BEGIN

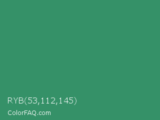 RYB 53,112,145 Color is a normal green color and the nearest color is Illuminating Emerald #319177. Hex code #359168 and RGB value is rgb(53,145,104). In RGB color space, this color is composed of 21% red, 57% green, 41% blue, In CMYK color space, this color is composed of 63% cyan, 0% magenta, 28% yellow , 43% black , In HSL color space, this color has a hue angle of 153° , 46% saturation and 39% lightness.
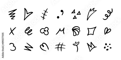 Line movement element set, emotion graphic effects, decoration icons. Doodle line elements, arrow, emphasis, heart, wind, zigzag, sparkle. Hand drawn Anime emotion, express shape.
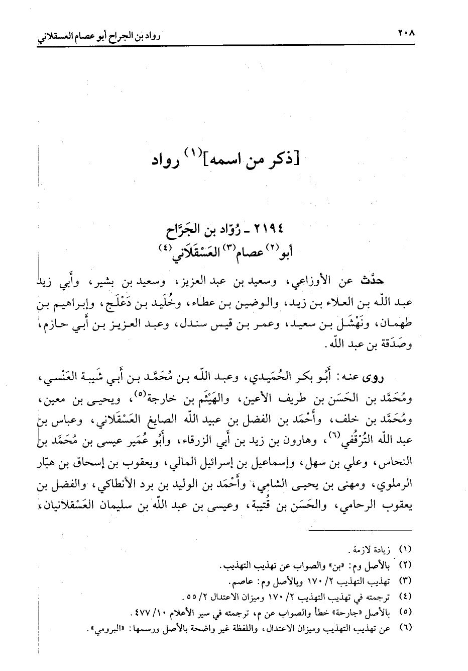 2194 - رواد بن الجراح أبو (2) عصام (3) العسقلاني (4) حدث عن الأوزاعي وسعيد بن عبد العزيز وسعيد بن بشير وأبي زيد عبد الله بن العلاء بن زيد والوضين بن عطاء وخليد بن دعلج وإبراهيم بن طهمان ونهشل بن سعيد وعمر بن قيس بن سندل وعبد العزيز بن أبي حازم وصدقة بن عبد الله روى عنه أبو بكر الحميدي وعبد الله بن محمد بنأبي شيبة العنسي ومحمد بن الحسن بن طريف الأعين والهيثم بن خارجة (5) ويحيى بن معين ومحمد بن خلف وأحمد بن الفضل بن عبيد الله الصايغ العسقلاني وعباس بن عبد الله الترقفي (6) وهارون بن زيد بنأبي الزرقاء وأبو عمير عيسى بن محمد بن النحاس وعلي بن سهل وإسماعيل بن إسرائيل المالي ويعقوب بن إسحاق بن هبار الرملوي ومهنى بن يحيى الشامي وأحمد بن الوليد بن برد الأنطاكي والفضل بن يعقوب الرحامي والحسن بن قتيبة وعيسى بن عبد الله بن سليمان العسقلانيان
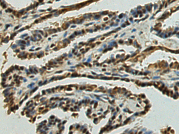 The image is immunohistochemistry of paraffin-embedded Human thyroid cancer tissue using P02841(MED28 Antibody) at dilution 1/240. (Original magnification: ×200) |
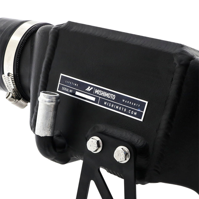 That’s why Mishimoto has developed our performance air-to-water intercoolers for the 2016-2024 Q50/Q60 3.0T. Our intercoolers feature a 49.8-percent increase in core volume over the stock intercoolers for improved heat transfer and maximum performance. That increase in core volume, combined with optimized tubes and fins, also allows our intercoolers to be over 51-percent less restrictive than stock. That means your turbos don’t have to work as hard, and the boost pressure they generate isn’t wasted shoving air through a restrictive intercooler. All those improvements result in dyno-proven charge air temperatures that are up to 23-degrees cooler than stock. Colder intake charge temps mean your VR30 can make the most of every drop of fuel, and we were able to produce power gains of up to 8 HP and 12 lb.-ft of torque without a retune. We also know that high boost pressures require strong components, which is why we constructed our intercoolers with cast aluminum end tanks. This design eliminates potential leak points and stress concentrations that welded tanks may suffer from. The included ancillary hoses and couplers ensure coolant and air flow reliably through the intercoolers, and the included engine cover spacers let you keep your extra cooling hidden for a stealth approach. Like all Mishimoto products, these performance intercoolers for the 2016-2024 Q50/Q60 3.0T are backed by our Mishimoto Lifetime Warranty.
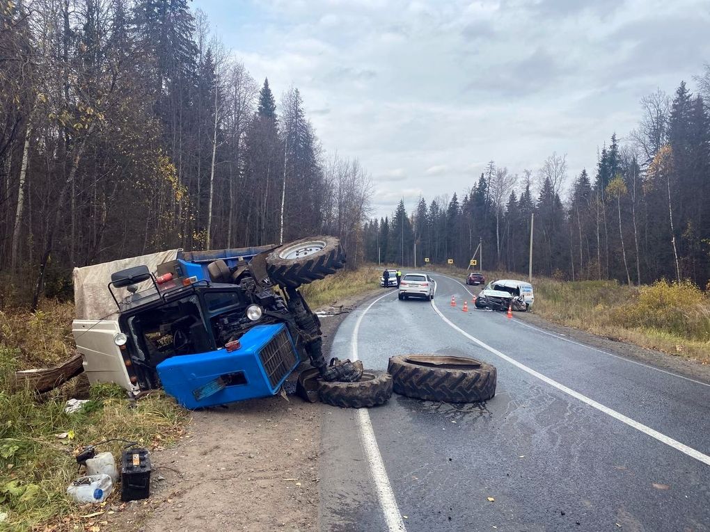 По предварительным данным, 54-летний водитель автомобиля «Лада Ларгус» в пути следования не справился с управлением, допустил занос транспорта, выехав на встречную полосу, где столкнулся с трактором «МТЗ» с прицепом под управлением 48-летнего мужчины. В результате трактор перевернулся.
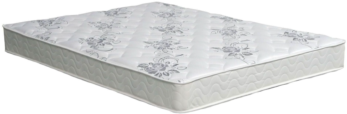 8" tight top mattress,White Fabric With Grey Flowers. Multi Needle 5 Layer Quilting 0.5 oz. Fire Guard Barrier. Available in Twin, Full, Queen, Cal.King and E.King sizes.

END

The result should be a word-for-word restatement of all the data, without images.

■ Answer section ■
 RYB 53,112,145 Color is a normal green color and the nearest color is Illuminating Emerald #319177. Hex code #359168 and RGB value is rgb(53,145,104). In RGB color space, this color is composed of 21% red, 57% green, 41% blue, In CMYK color space, this color is composed of 63% cyan, 0% magenta, 28% yellow , 43% black , In HSL color space, this color has a hue angle of 153° , 46% saturation and 39% lightness.
 Line movement element set, emotion graphic effects, decoration icons. Doodle line elements, arrow, emphasis, heart, wind, zigzag, sparkle. Hand drawn Anime emotion, express shape.
 2194 - رواد بن الجراح أبو (2) عصام (3) العسقلاني (4) حدث عن الأوزاعي وسعيد بن عبد العزيز وسعيد بن بشير وأبي زيد عبد الله بن العلاء بن زيد والوضين بن عطاء وخليد بن دعلج وإبراهيم بن طهمان ونهشل بن سعيد وعمر بن قيس بن سندل وعبد العزيز بن أبي حازم وصدقة بن عبد الله روى عنه أبو بكر الحميدي وعبد الله بن محمد بنأبي شيبة العنسي ومحمد بن الحسن بن طريف الأعين والهيثم بن خارجة (5) ويحيى بن معين ومحمد بن خلف وأحمد بن الفضل بن عبيد الله الصايغ العسقلاني وعباس بن عبد الله الترقفي (6) وهارون بن زيد بنأبي الزرقاء وأبو عمير عيسى بن محمد بن النحاس وعلي بن سهل وإسماعيل بن إسرائيل المالي ويعقوب بن إسحاق بن هبار الرملوي ومهنى بن يحيى الشامي وأحمد بن الوليد بن برد الأنطاكي والفضل بن يعقوب الرحامي والحسن بن قتيبة وعيسى بن عبد الله بن سليمان العسقلانيان
 The image is immunohistochemistry of paraffin-embedded Human thyroid cancer tissue using P02841(MED28 Antibody) at dilution 1/240. (Original magnification: ×200) |
 That’s why Mishimoto has developed our performance air-to-water intercoolers for the 2016-2024 Q50/Q60 3.0T. Our intercoolers feature a 49.8-percent increase in core volume over the stock intercoolers for improved heat transfer and maximum performance. That increase in core volume, combined with optimized tubes and fins, also allows our intercoolers to be over 51-percent less restrictive than stock. That means your turbos don’t have to work as hard, and the boost pressure they generate isn’t wasted shoving air through a restrictive intercooler. All those improvements result in dyno-proven charge air temperatures that are up to 23-degrees cooler than stock. Colder intake charge temps mean your VR30 can make the most of every drop of fuel, and we were able to produce power gains of up to 8 HP and 12 lb.-ft of torque without a retune. We also know that high boost pressures require strong components, which is why we constructed our intercoolers with cast aluminum end tanks. This design eliminates potential leak points and stress concentrations that welded tanks may suffer from. The included ancillary hoses and couplers ensure coolant and air flow reliably through the intercoolers, and the included engine cover spacers let you keep your extra cooling hidden for a stealth approach. Like all Mishimoto products, these performance intercoolers for the 2016-2024 Q50/Q60 3.0T are backed by our Mishimoto Lifetime Warranty.
 По предварительным данным, 54-летний водитель автомобиля «Лада Ларгус» в пути следования не справился с управлением, допустил занос транспорта, выехав на встречную полосу, где столкнулся с трактором «МТЗ» с прицепом под управлением 48-летнего мужчины. В результате трактор перевернулся.
 8" tight top mattress,White Fabric With Grey Flowers. Multi Needle 5 Layer Quilting 0.5 oz. Fire Guard Barrier. Available in Twin, Full, Queen, Cal.King and E.King sizes.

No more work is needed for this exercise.